** Work order **
Extract the stretch of lines that starts at the line with "The Teal Blue" and ends at the last line of the data below. Give it exactly, without pictures.

** Data extracted from a collection **

+-------+

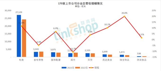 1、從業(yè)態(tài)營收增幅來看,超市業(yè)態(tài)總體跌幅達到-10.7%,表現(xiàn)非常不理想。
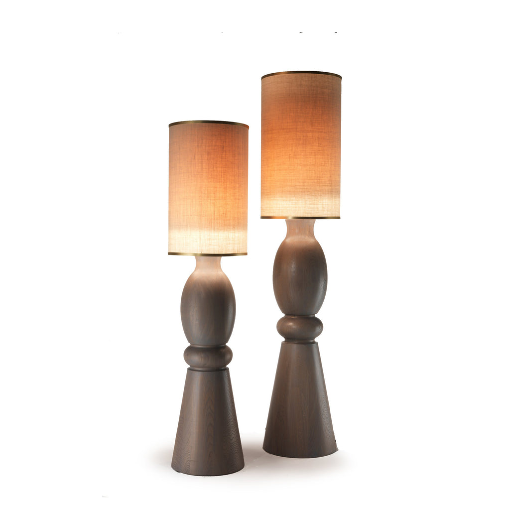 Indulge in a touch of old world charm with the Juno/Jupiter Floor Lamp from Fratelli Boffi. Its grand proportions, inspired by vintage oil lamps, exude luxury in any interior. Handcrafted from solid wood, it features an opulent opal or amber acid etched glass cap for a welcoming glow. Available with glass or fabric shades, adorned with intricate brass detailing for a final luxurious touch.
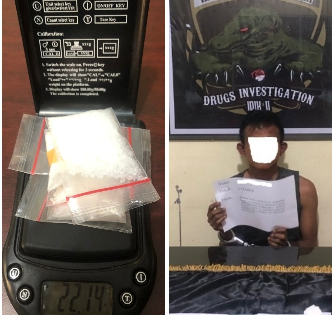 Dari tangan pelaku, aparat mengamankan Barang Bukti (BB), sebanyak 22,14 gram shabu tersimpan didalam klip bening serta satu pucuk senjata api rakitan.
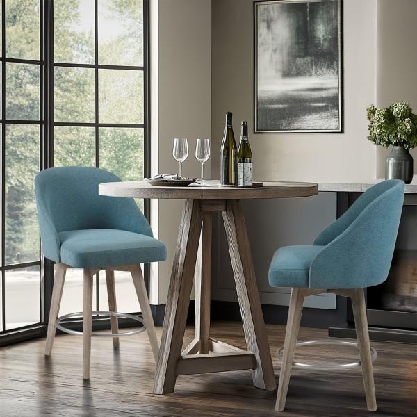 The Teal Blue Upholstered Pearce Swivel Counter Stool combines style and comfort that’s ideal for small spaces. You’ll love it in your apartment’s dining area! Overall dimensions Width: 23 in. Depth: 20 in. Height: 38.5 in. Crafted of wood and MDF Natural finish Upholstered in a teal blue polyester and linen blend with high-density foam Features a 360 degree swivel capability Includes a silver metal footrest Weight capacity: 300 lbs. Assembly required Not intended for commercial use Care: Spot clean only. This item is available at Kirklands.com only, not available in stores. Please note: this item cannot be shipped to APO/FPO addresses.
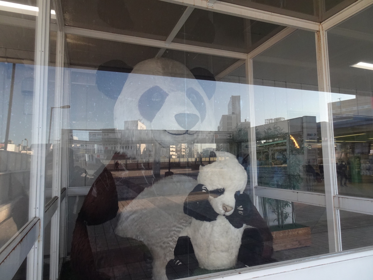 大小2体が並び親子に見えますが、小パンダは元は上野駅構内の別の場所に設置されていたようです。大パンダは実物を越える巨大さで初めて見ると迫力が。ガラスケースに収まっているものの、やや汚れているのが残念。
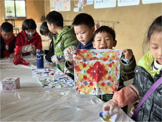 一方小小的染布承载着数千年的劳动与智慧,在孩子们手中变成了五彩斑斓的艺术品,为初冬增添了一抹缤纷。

+-------+

** Completed task **
 The Teal Blue Upholstered Pearce Swivel Counter Stool combines style and comfort that’s ideal for small spaces. You’ll love it in your apartment’s dining area! Overall dimensions Width: 23 in. Depth: 20 in. Height: 38.5 in. Crafted of wood and MDF Natural finish Upholstered in a teal blue polyester and linen blend with high-density foam Features a 360 degree swivel capability Includes a silver metal footrest Weight capacity: 300 lbs. Assembly required Not intended for commercial use Care: Spot clean only. This item is available at Kirklands.com only, not available in stores. Please note: this item cannot be shipped to APO/FPO addresses.
 大小2体が並び親子に見えますが、小パンダは元は上野駅構内の別の場所に設置されていたようです。大パンダは実物を越える巨大さで初めて見ると迫力が。ガラスケースに収まっているものの、やや汚れているのが残念。
 一方小小的染布承载着数千年的劳动与智慧,在孩子们手中变成了五彩斑斓的艺术品,为初冬增添了一抹缤纷。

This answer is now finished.